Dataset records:
§
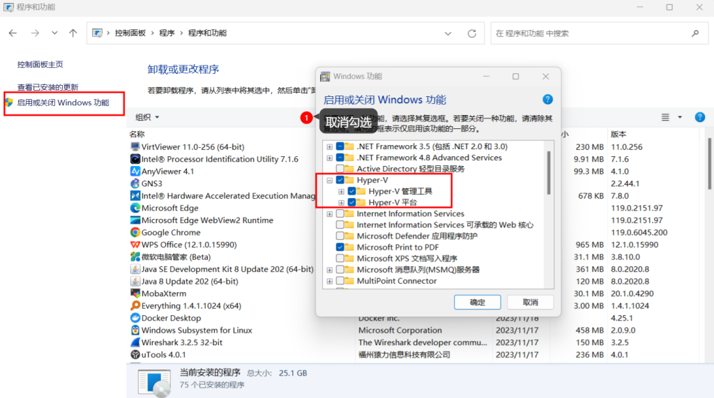 禁用 Hyper-V 可能会导致一些依赖于 Hyper-V 的功能(如 Windows 容器)无法正常工作。
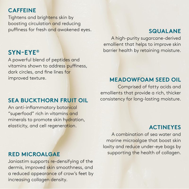 - Carefully-selected specialty ingredients address and visibly improve key eye concerns: depuffing, hydrating, dark circles, fine lines and wrinkles, crow's feet.
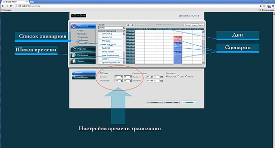 Если трансляция должна повторяться ежедневно в течение некоторого количества дней, то необходимо указать интервал дат, в котором происходит повторение, а при необходимости и дни недели. Система автоматически растиражирует сценарий в указанном интервале дат и дней.
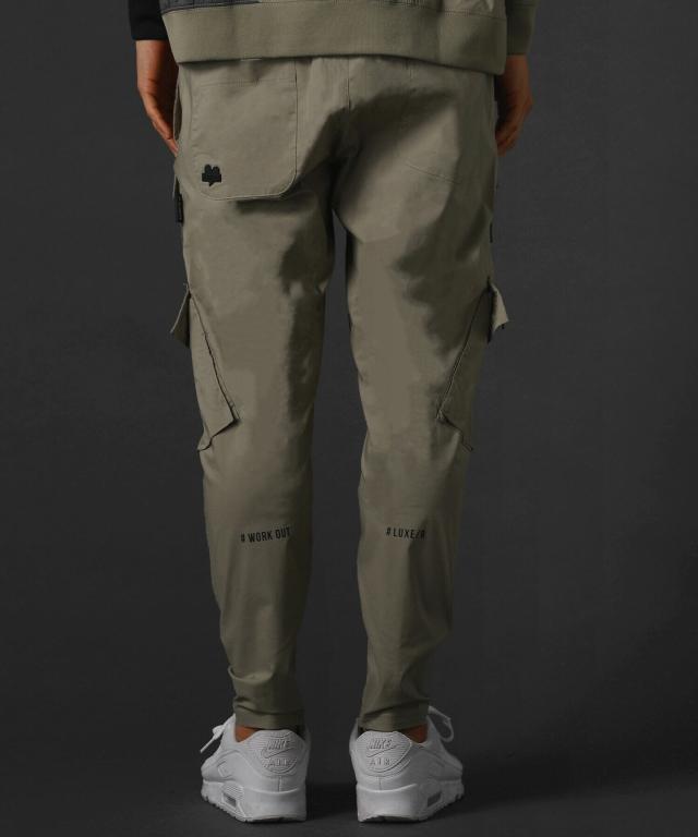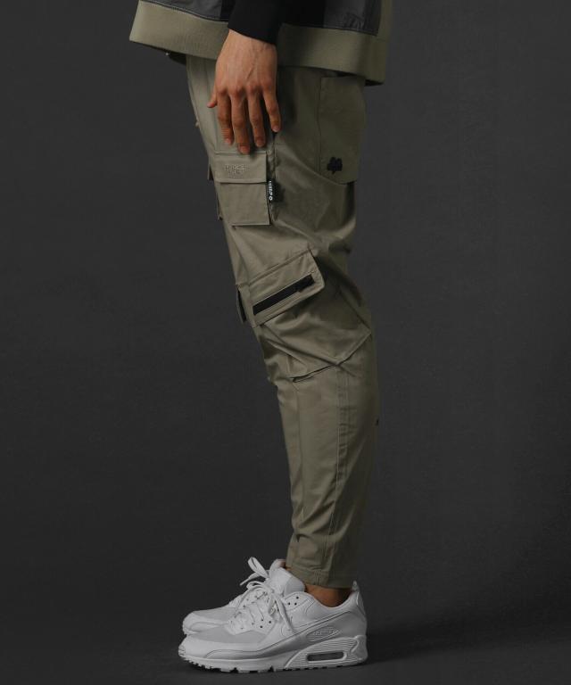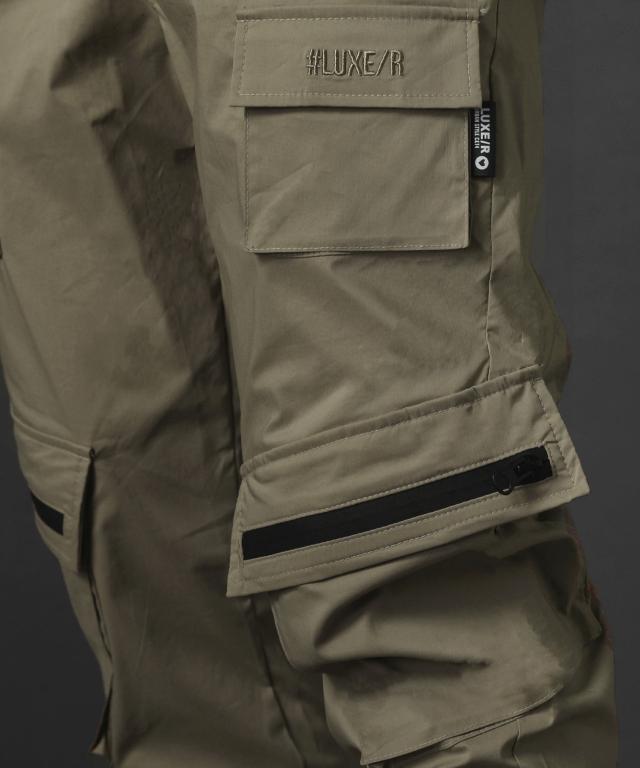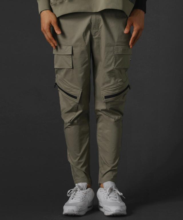 レジェス(REZES)/ベルトループ付き撥水加工ストレッチ布帛ダブルカーゴポケット裾ジップパンツ
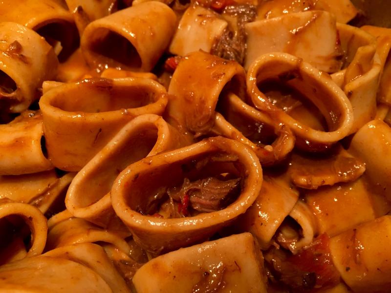 pasta mit tk-resten (ochsenbäckchen in rotwein) mit frischem knoblauch und getrockneter tomate (gebraten und geschmort) aufgehübscht.
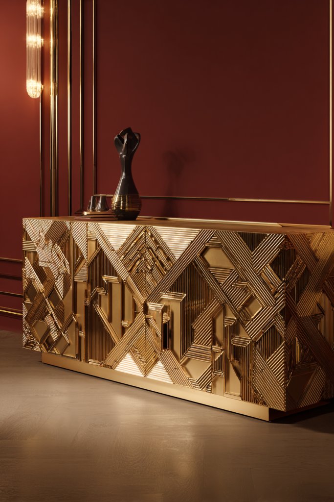 20. Art Deco-Inspired Console with Bold Geometric Details
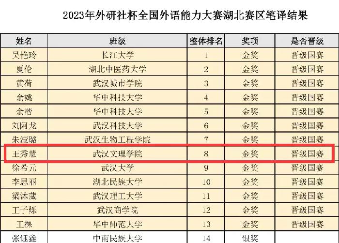 在激烈的比赛中,公司选手们取得了骄人的成绩。在本科英语组翻译(笔译、口译)、阅读、写作、演讲以及法语组赛项中,我们取得了2金3银2铜8优胜的好成绩。其中,王秀慧同学在笔译及写作赛项中斩获省赛两项金奖,成功晋级国赛,创造了民办院校员工在省赛中获得金奖数量的历史最佳成绩;李萌、董相、柯敏同学分别获得笔译、口译、写作赛项银奖;赵诗怡、彭雄柏同学获得演讲、阅读赛项铜奖;黄宇等8名同学获得各赛项优胜奖。这些成绩的取得,离不开同学们的努力和指导老师的辛勤付出。
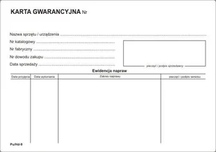 Przedmiotem tej transakcji jest druk Karta gwarancyjna wykonany na kartoniku białym o gramaturze 250 g. dostępna na sztuki lub w opakowaniach 100 szt, Druk uniwersalny przeznaczony zarówno jako dowód udzielonej gwarancji dla sprzętów i urządzeń do użytku domowego jak i komercyjnego.
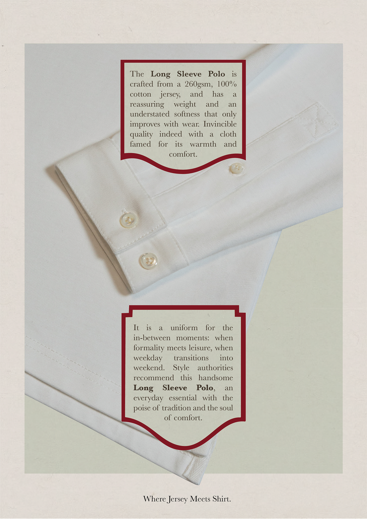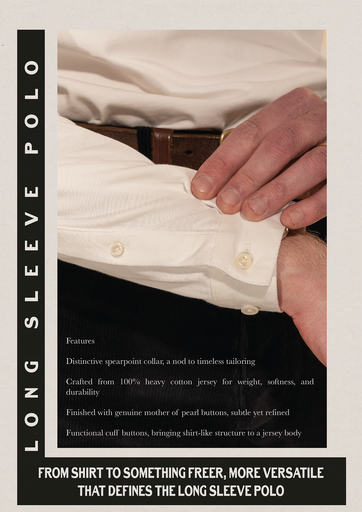 The Long Sleeve Polo is crafted from a 260gsm, 100% cotton jersey, and has a reassuring weight and an understated softness that only improves with wear. Invincible quality indeed with a cloth famed for its warmth and comfort. Style authorities recommend this handsome Long Sleeve Polo, an everyday essential with the poise of tradition and the soul of comfort. Not to be compared with inferior shirts, it is guaranteed to satisfy.
§
TASK BRIEF:
Wherever an image appears, omit it; copy the rest of the records exactly.

SOLUTION TO THIS TASK:
 禁用 Hyper-V 可能会导致一些依赖于 Hyper-V 的功能(如 Windows 容器)无法正常工作。
 - Carefully-selected specialty ingredients address and visibly improve key eye concerns: depuffing, hydrating, dark circles, fine lines and wrinkles, crow's feet.
 Если трансляция должна повторяться ежедневно в течение некоторого количества дней, то необходимо указать интервал дат, в котором происходит повторение, а при необходимости и дни недели. Система автоматически растиражирует сценарий в указанном интервале дат и дней.
 レジェス(REZES)/ベルトループ付き撥水加工ストレッチ布帛ダブルカーゴポケット裾ジップパンツ
 pasta mit tk-resten (ochsenbäckchen in rotwein) mit frischem knoblauch und getrockneter tomate (gebraten und geschmort) aufgehübscht.
 20. Art Deco-Inspired Console with Bold Geometric Details
 在激烈的比赛中,公司选手们取得了骄人的成绩。在本科英语组翻译(笔译、口译)、阅读、写作、演讲以及法语组赛项中,我们取得了2金3银2铜8优胜的好成绩。其中,王秀慧同学在笔译及写作赛项中斩获省赛两项金奖,成功晋级国赛,创造了民办院校员工在省赛中获得金奖数量的历史最佳成绩;李萌、董相、柯敏同学分别获得笔译、口译、写作赛项银奖;赵诗怡、彭雄柏同学获得演讲、阅读赛项铜奖;黄宇等8名同学获得各赛项优胜奖。这些成绩的取得,离不开同学们的努力和指导老师的辛勤付出。
 Przedmiotem tej transakcji jest druk Karta gwarancyjna wykonany na kartoniku białym o gramaturze 250 g. dostępna na sztuki lub w opakowaniach 100 szt, Druk uniwersalny przeznaczony zarówno jako dowód udzielonej gwarancji dla sprzętów i urządzeń do użytku domowego jak i komercyjnego.
 The Long Sleeve Polo is crafted from a 260gsm, 100% cotton jersey, and has a reassuring weight and an understated softness that only improves with wear. Invincible quality indeed with a cloth famed for its warmth and comfort. Style authorities recommend this handsome Long Sleeve Polo, an everyday essential with the poise of tradition and the soul of comfort. Not to be compared with inferior shirts, it is guaranteed to satisfy.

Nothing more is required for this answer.